El filósofo respondió a Félix y dijo estas palabras:

—En una tierra ocurrió que un hombre pensó cómo podría reunir muy gran tesoro, y vendió todo cuanto tenía. Y en una tierra muy lejana fue a ver a un rey, y le dijo que él era alquimista. Aquel rey tuvo muy grande placer con su venida, y le hizo dar posada y todo cuanto había menester. Aquel hombre había puesto oro molido en tres recipientes, en los cuales había decocción de hierbas, y era aquella decocción a modo de lectuario. Ante el rey puso aquel hombre uno de aquellos recipientes en la caldera donde fundía muchos doblones que el rey le había dado para que los multiplicase. El oro que había en el recipiente pesaba mil doblones, y el rey había puesto dos mil en la caldera; y al cabo pesó la masa de oro tres mil doblones. Por tres veces hizo esto el hombre, y el rey pensó que fuese alquimista según verdad. A la postre: que el hombre huyó con gran copia de oro que el rey le había encomendado para que lo multiplicase; pues pensaba que el lectuario que había en los recipientes tuviese virtud por la cual el oro multiplicase en la fragua.
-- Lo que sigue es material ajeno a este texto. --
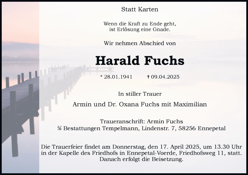 Hier finden Sie alle Traueranzeigen aus der Zeitung, die bisher für Harald Fuchs erschienen sind. Weitere Traueranzeigen, die in der Zeitung erscheinen, werden hier ebenfalls aufgelistet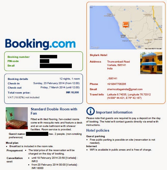 9000 рублей за 12 ночей. На месте можно найти гораздо лучше и за меньшие деньги, так как даже в отелях за стоимость номера можно и нужно торговаться. В Варкале можно найти и комнату за 300 рупий (5 долларов) в сутки и дорогой отель. Путешествуя по разным городам, мы останавливались в отелях за 700-900 рупий, самый дорогой, но очень хороший бизнес отель в Кочи обошелся нам в 2300 рупий.
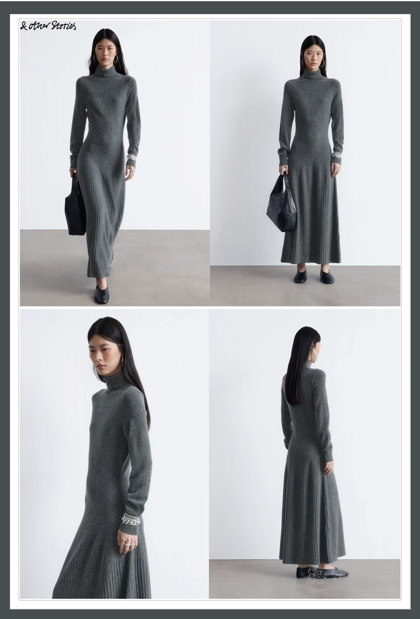 ★【& other stories ♠️半高领针织毛衣 特价仅99欧!】 冬天出门无脑打底的羊毛长裙,很亲肤贴身穿也没问题!灰色调更浓郁,黄皮更显白!甄选100%美利奴羊毛精心织就,触感细腻柔软,兼具出色的保暖性与透气性。可折叠高领设计勾勒出优雅颈部线条,简约而富有格调。整体为修身剪裁,自腰部自然过渡至A字裙摆,行走间流畅垂坠。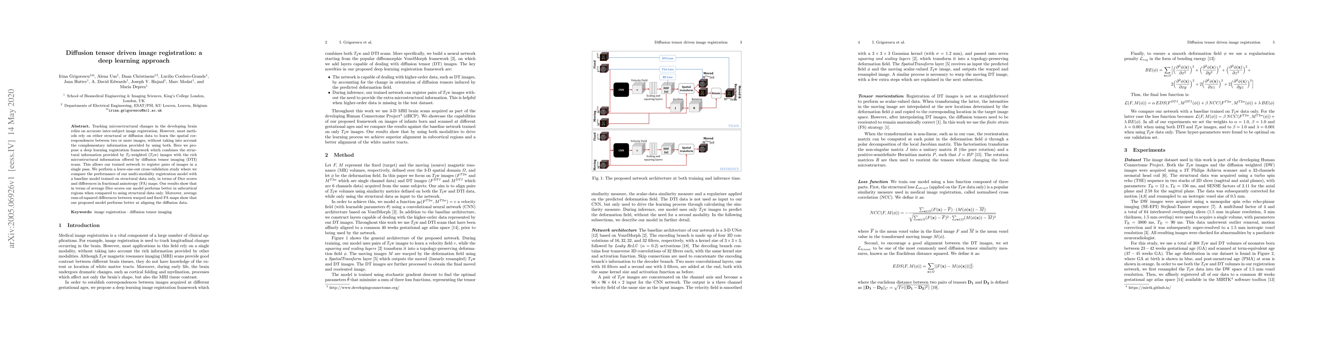 This paper proposes a deep learning framework for inter-subject image registration that integrates T2-weighted images and diffusion tensor imaging data to track microstructural changes in the brain. The study demonstrates improved performance in subcortical region registration and better alignment of diffusion data compared to models using structural data alone.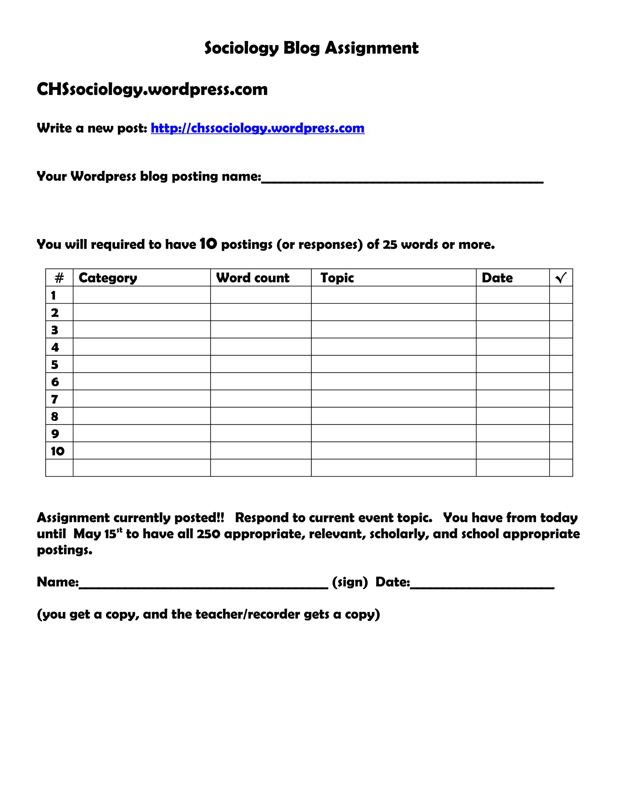 Blog Assignment Instructions.docx - Blog Assignment Instructions DUE ...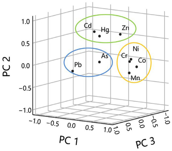 PCA is a well-established and demonstrated statistical strategy routinely utilized to distinguish potential sources of heavy metals in topsoil [49,50]. In this study, heavy metal concentration information was analyzed by PCA, yielding three components based on varimax that in total contributed 69.6% of the change in topsoil contamination (Table 4 and Figure 5).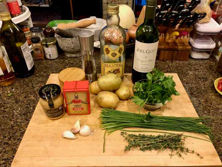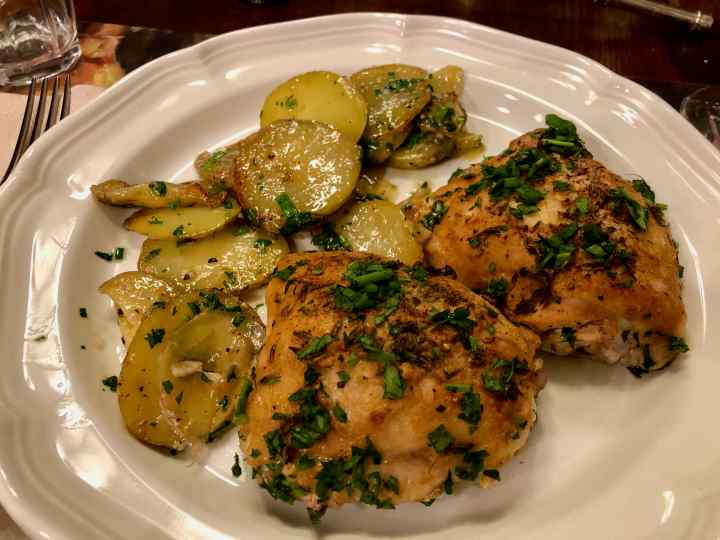 Well, the old dog has a learned a new trick; marinating the chicken in buttermilk for six hours made the roasted thighs perfectly tender and wonderfully moist. Garten’s choice of flavorings for roasting the dish after discarding the marinade—Dijon mustard, fresh thyme, and Hungarian paprika—contributed even more flavor. In addition, roasting the potatoes in two stages, the first with the chicken and the second on their own with plenty of minced garlic, made them tantalizingly good. Finally, finishing the dish just before serving with minced parsley and chives made this one of the most flavorful roast chicken thighs I’ve ever prepared.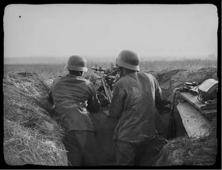 Один из снарядов сорокапятки удачно разорвался на заднем бруствере окопа, опрокинув пулемёт и поразив изготовившихся к бою наводчика и его помощника. Двух других номеров расчёта, Федя видимо зацепил своим огнём, когда они решили установить свой агрегат на место. Не зря же в ту сторону улетела целая стапатронная лента. Ну и не желая искушать судьбу, оставшиеся без командира (унтер-офицер валялся рядом с опрокинутым пулемётом), подносчики решили сделать ноги. А может, больше никого тут и не было.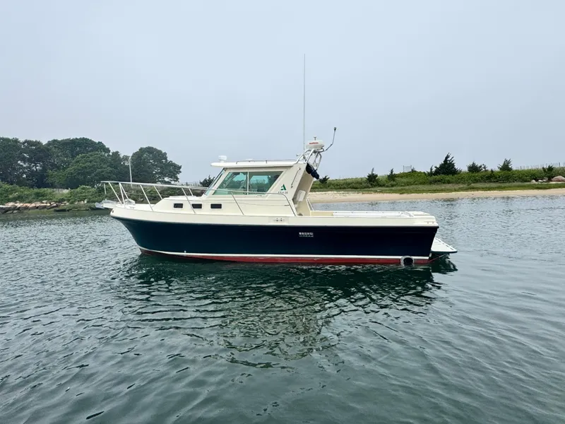 This well-maintained 2001 Albin 28 Tournament Express is a classic blend of rugged downeast styling and dependable performance. Powered by a reliable Yanmar 6LP 315 HP diesel engine with 985 hours, she offers excellent fuel efficiency and a comfortable cruise in the mid-20 knot range. Built for both fishing and cruising, this versatile vessel features a roomy cockpit, full hardtop with enclosure, and a thoughtfully designed cabin with a V-berth, enclosed head with shower, and galley.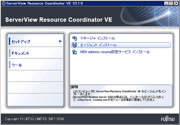 Windowsのコントロール パネルで"プログラムの追加と削除"を開き、"ServerView Resource Coordinator VE Agent"が表示されている場合はアンインストールを行ったあと、再度、インストールを行います。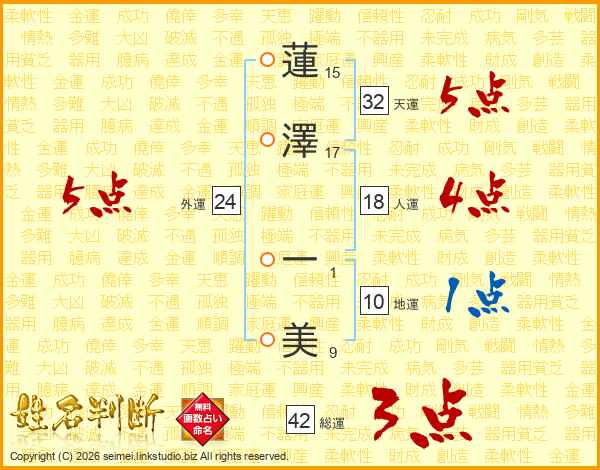 蓮澤一美さんの外運は24画の5点!

»En una ciudad había un gran rico hombre que tenía mujer, de la cual no podía tener hijos; la mujer, esposa de aquel rico hombre, mucho deseaba tener hijos. En aquella ciudad había una hembra falsa, y pensó cómo pudiese obtener mucho dinero de aquella mujer, a la cual fue a decir que ella le daría de comer cosas por las cuales podría quedar preñada. Aquella mujer tenía tan grande voluntad de tener hijos, que creía todo lo que la hembra le decía. Al cabo, cuando la hembra hubo obtenido de la mujer mucho dinero, huyó, y fuese a vivir en una tierra muy lejos de aquella ciudad.